Irmalicia Velásquez Nimatuj
La trágica muerte de Olga Emilia Choz Ulín de 38 años y de su hija Hellen Mishell Mejía Choz de 14 años, luego que su vehículo cayera en un hundimiento que se produjo en la calzada Concepción de Villa Nueva, el pasado 24 de septiembre, se ha convertido en el patético retrato de las condiciones en las que las poblaciones de Guatemala se encuentran sumidas ante la incapacidad del actual gobierno, cuya burocracia responsable de monitorear al país frente a tormentas o desastres naturales, ha brillado por su ausencia, incumpliendo con las funciones para las cuales fueron contratadas.

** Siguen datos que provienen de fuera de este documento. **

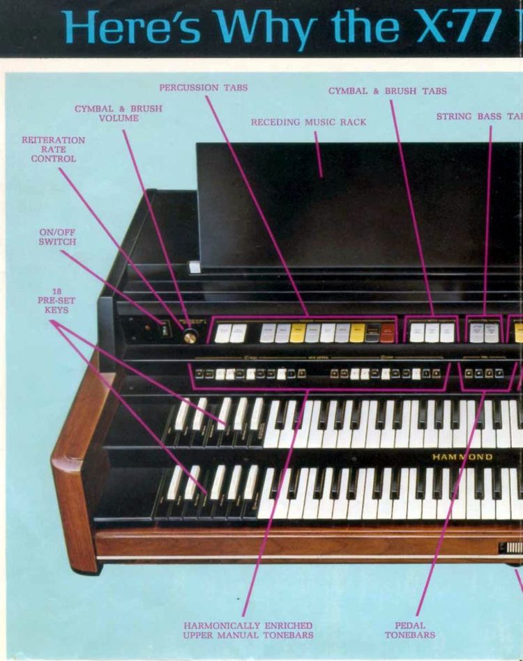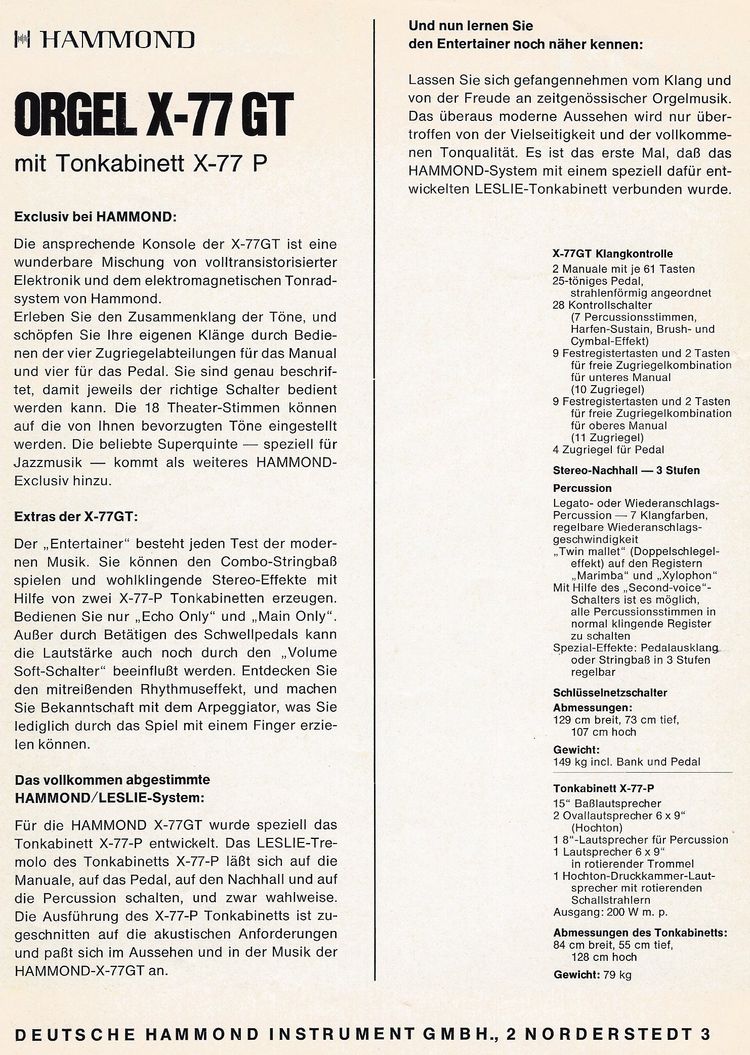 De Hammond X77 / X77GT is werkelijk een van de grote "mastodonten" uit de orgelwereld. Zowel qua afmeting, gebruikte techniek, als in beschikbare mogelijkheden is het werkelijk een indrukwekkende ontwerp prestatie te noemen.
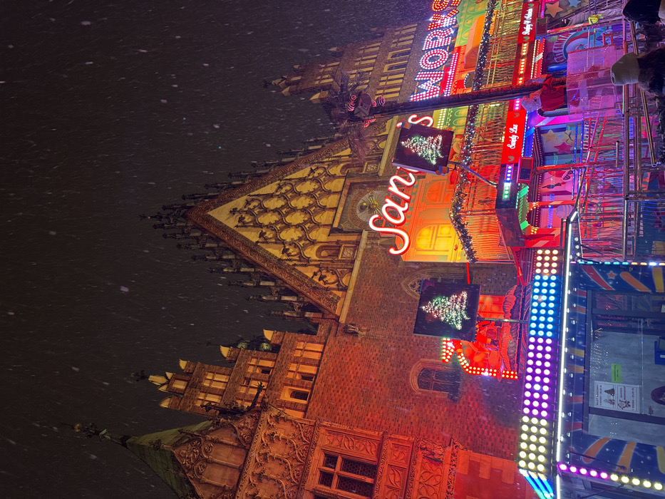 A vibrant and festive Christmas market is set against the backdrop of historic architecture. Multicolored lights illuminate a towering carnival ride with signs reading "MORRIS'S" and "Santa's." The building's intricate gothic design contrasts with the modern, flashing lights of the market. Snowflakes fall against the dark sky, enhancing the wintery ambiance. The juxtaposition of old and new, classic architecture and contemporary celebration, creates a unique visual experience.
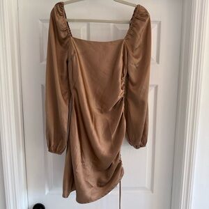 EMORY PARK Bronze Brown Satin Slinky Cinch Side Mini Dress Long Sleeve S
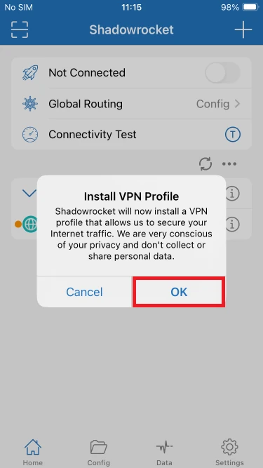 如果您是第一次使用 Shadowrocket,您的设备将提示您允许安装 VPN 配置文件。点击OK。

A dos días de ocurrida la tragedia, ante la noticia que el Estado suspendería de “manera temporal” la búsqueda de Olga y Mishell por la inestabilidad del terreno y las condiciones climáticas, la angustia de la familia -originaria de Totonicapán- no solo aumentó, sino que mostró y dio un ejemplo a nivel mundial de una solidaridad profunda, de un sentido de comunidad, de paciencia y resistencia colectiva frente a las decisiones inhumanas del presidente, a quien no le importó desde el inicio el dolor que enfrentaban. Fueron las integrantes de las familias quienes no se dieron por vencidas y las que se dedicaron a llamarlas por sus nombres a través de los tragantes que están alrededor del área colapsada.
Olga Emilia y Hellen Mishell son una de las miles de familias indígenas que han migrado a la capital en busca de construirse un sueño que sus municipios o departamentos no puede proveerles y que la capital en sus márgenes, les permite subsistir y materializar una parte de sus anhelos que de otra forma les sería imposible alcanzar, pero al mismo tiempo, ellas reflejan el impacto del racismo que las jóvenes indígenas que migran deben desafiar en todos los espacios públicos de la urbanidad. Por ejemplo, los medios de comunicación reprodujeron ese racismo al ni siquiera preocuparse por publicar el nombre de ambas y de preferir usar la generalización de “dos mujeres desaparecidas”, como si ellas no tuvieran rostro, como si su pasado no importara, menos su presente o como si sus vidas fueran intangibles o incapaces de ser definidas. Casi ningún periodista se preocupó por documentar sus historias personales, por entender cómo terminaron en el fondo de un socavamiento, producto de la incapacidad técnica y la aguda corrupción que es la regla en las instituciones del Estado. Así como la falta de señalización ante desastres de esa magnitud.
Esto es normal en un país como Guatemala, en donde la vida de las niñas y de las mujeres indígenas son desechables, aunque sean ellas las que produzcan los alimentos que llegan a los mercados locales o las que elaboren las tortillas que llegan a las mesas diariamente. Saber quiénes son es lo banal en un país para cuyas elites, las y los indios solo sirven para incrementar sus riquezas más no para ser tratados con dignidad.